**PROBLEM:** Reproduce from the records below, with no pictures, exactly the lines between the one containing "Лёгкий комплект для" and the one containing "Découvrez l'élégance et", inclusive.

**SUPPLIED RECORDS:**
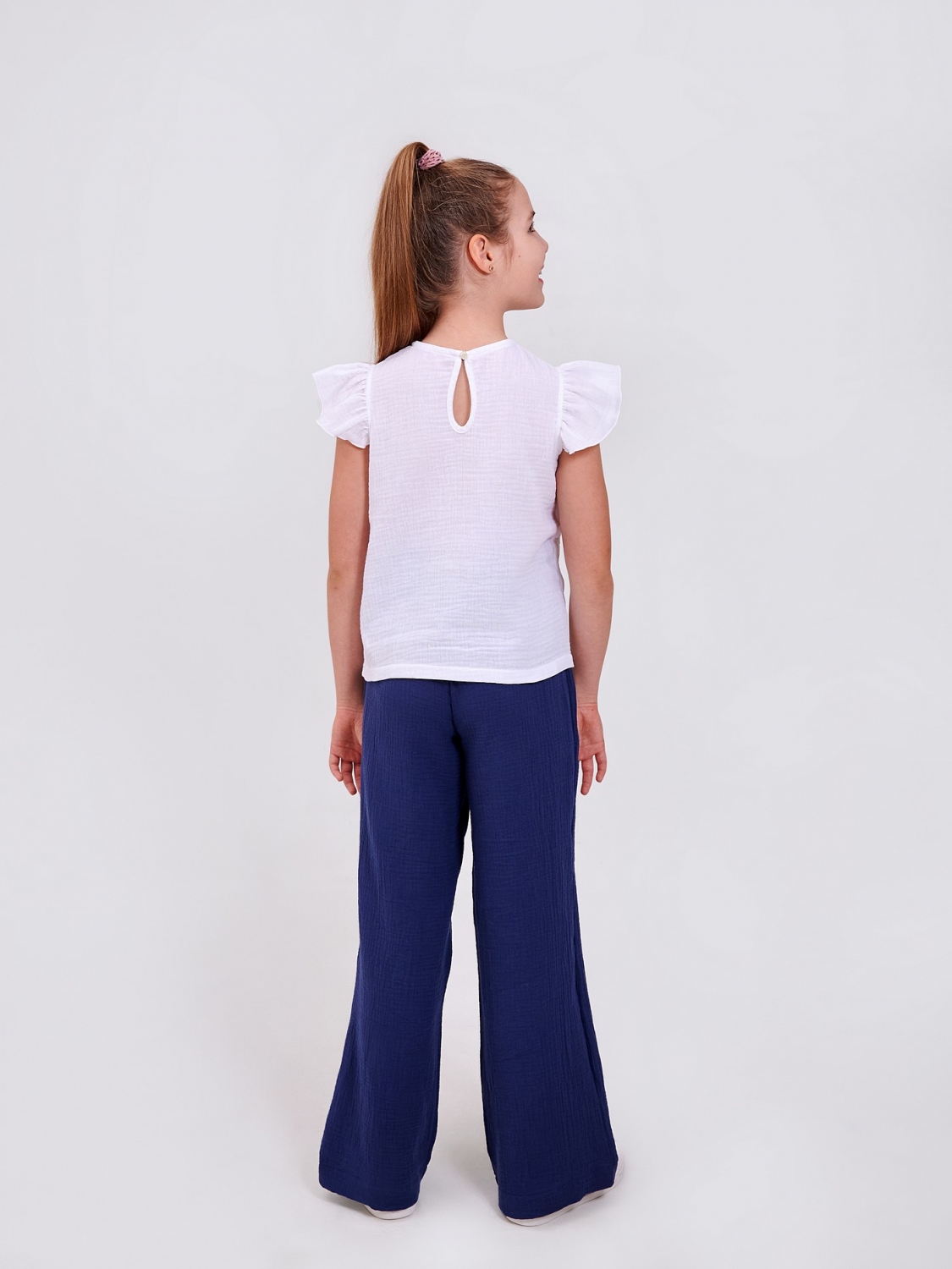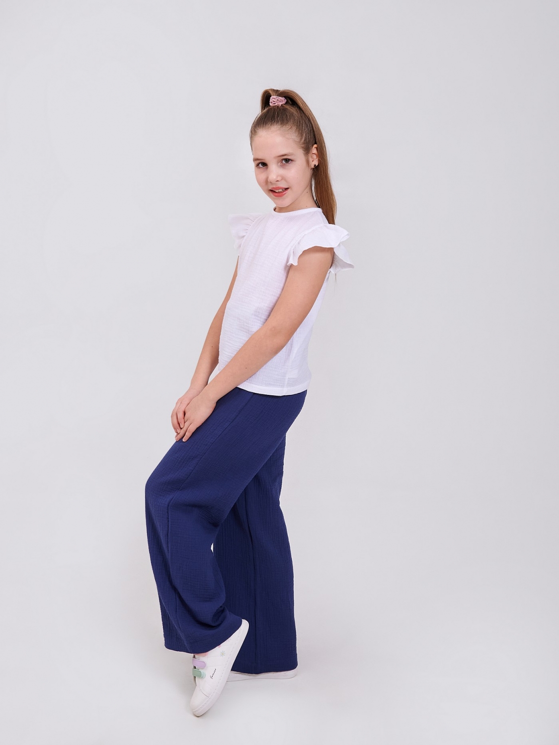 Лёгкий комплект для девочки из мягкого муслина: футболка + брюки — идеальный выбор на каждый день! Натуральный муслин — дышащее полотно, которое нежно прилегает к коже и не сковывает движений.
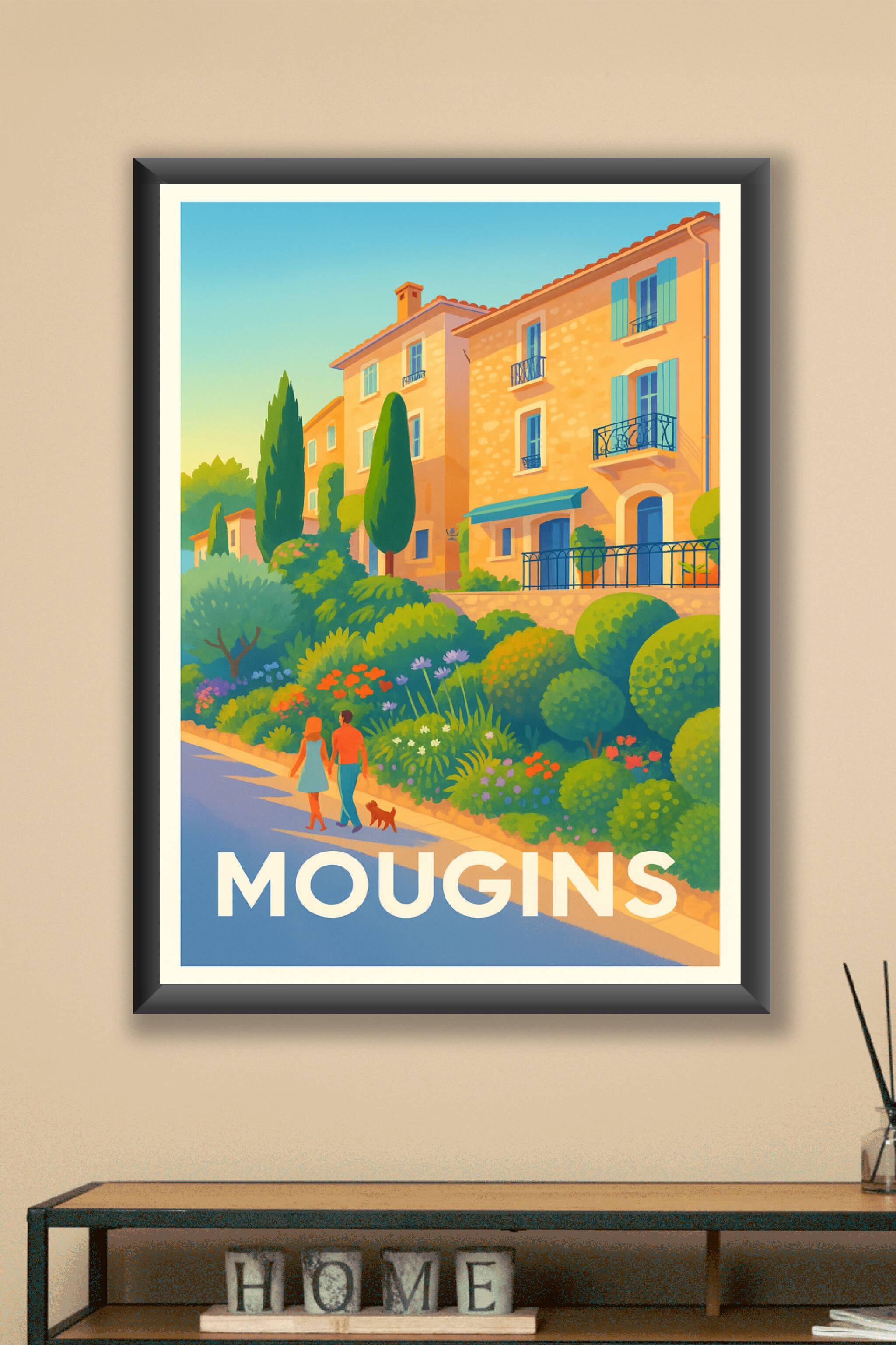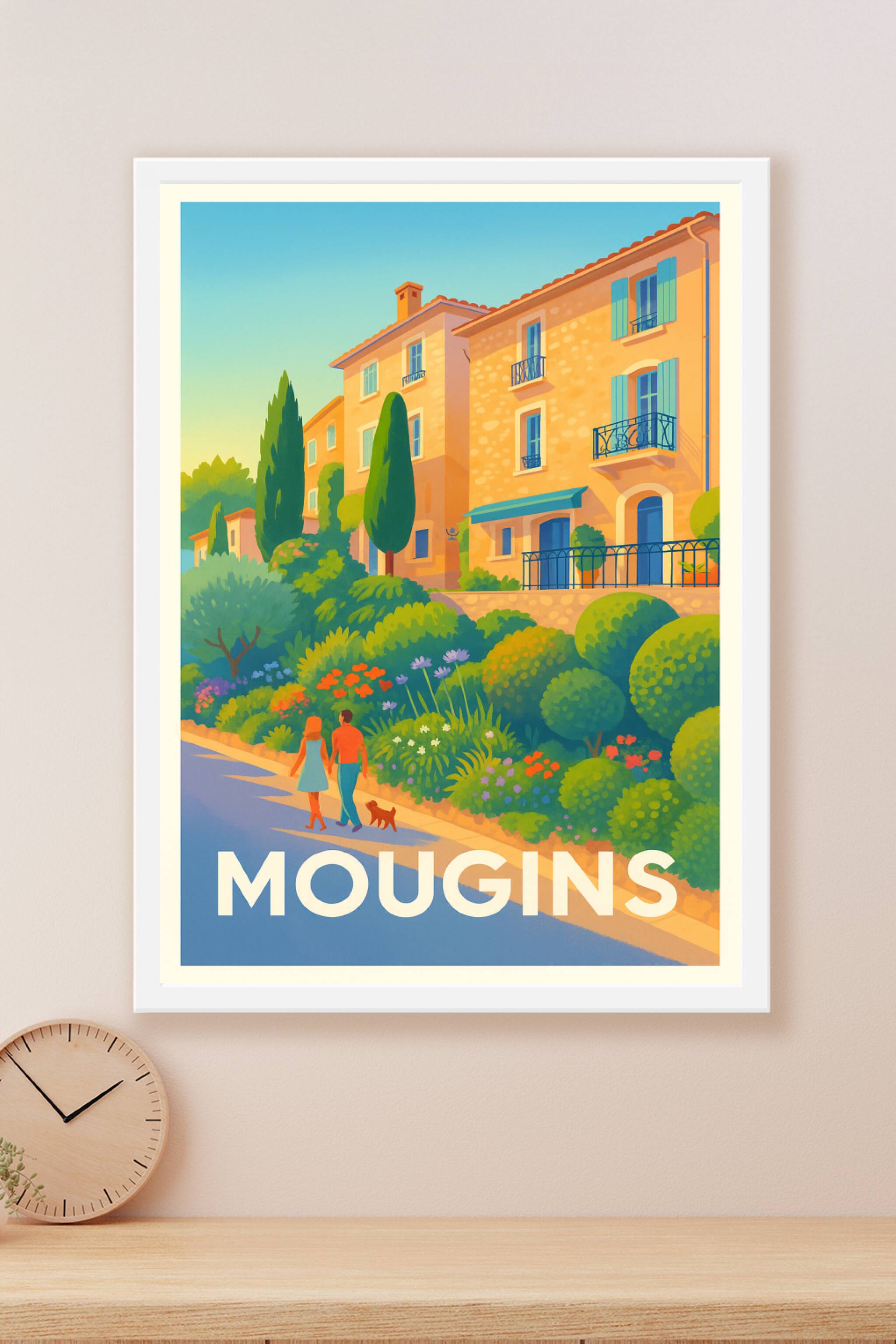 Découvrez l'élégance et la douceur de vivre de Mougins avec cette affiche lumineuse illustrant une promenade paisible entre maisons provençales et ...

* * *

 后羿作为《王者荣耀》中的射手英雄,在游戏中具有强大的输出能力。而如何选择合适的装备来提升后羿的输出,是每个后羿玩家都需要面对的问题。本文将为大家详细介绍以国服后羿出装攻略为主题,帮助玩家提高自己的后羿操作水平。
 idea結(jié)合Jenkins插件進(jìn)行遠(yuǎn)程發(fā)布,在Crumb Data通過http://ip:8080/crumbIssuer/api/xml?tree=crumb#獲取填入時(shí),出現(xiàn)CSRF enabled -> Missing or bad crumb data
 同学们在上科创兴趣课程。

--

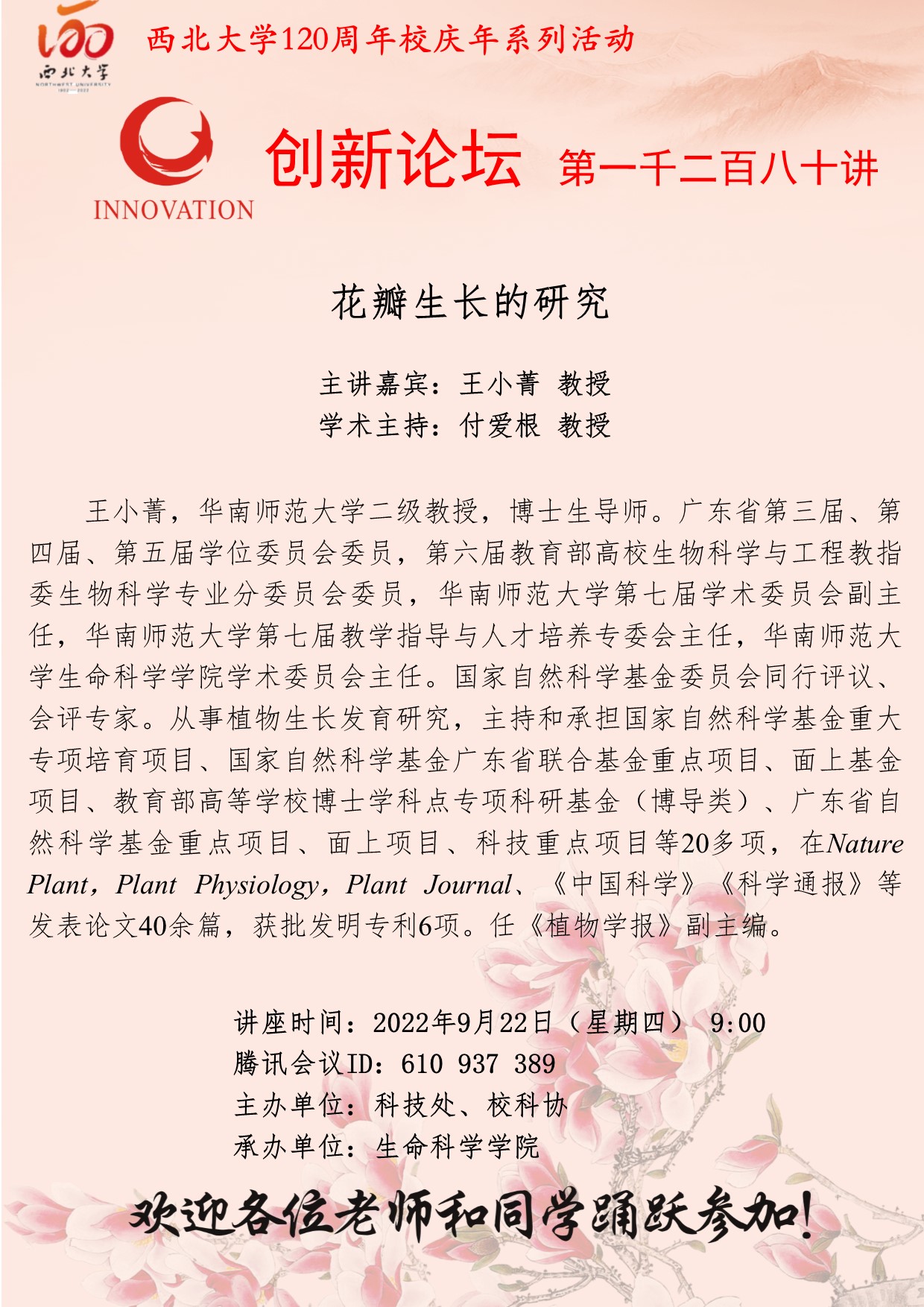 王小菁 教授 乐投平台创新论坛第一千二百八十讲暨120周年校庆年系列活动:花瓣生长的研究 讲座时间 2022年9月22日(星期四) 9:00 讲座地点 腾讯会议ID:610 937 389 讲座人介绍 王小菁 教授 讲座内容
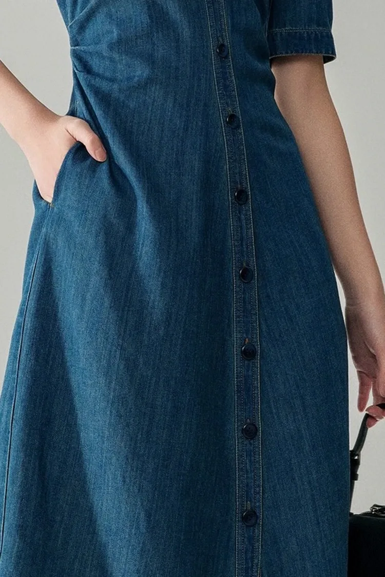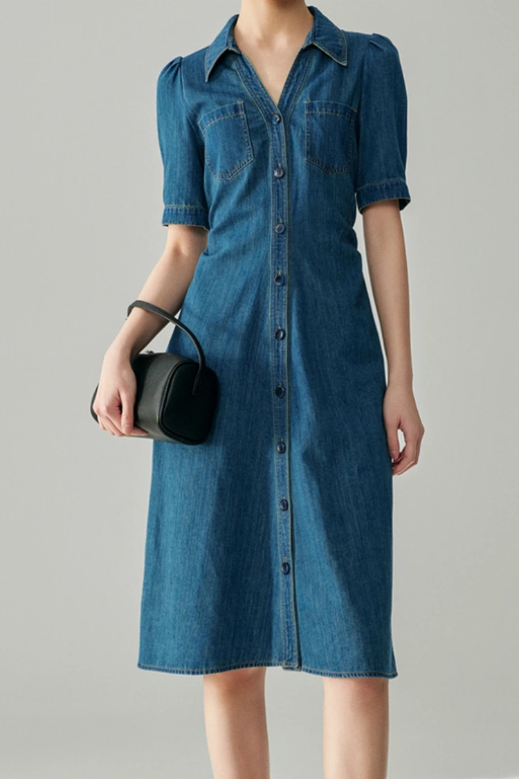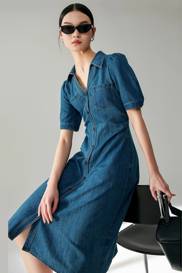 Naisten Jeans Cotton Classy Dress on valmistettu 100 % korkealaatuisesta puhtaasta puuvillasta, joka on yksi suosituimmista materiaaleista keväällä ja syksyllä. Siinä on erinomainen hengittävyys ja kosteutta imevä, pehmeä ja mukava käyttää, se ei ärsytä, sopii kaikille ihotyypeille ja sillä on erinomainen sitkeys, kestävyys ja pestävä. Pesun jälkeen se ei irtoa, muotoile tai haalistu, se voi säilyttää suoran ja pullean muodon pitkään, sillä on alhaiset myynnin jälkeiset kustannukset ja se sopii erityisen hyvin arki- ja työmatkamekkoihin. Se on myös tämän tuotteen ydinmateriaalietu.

**ANSWER TO THIS PROBLEM:**
 Лёгкий комплект для девочки из мягкого муслина: футболка + брюки — идеальный выбор на каждый день! Натуральный муслин — дышащее полотно, которое нежно прилегает к коже и не сковывает движений.
 Découvrez l'élégance et la douceur de vivre de Mougins avec cette affiche lumineuse illustrant une promenade paisible entre maisons provençales et ...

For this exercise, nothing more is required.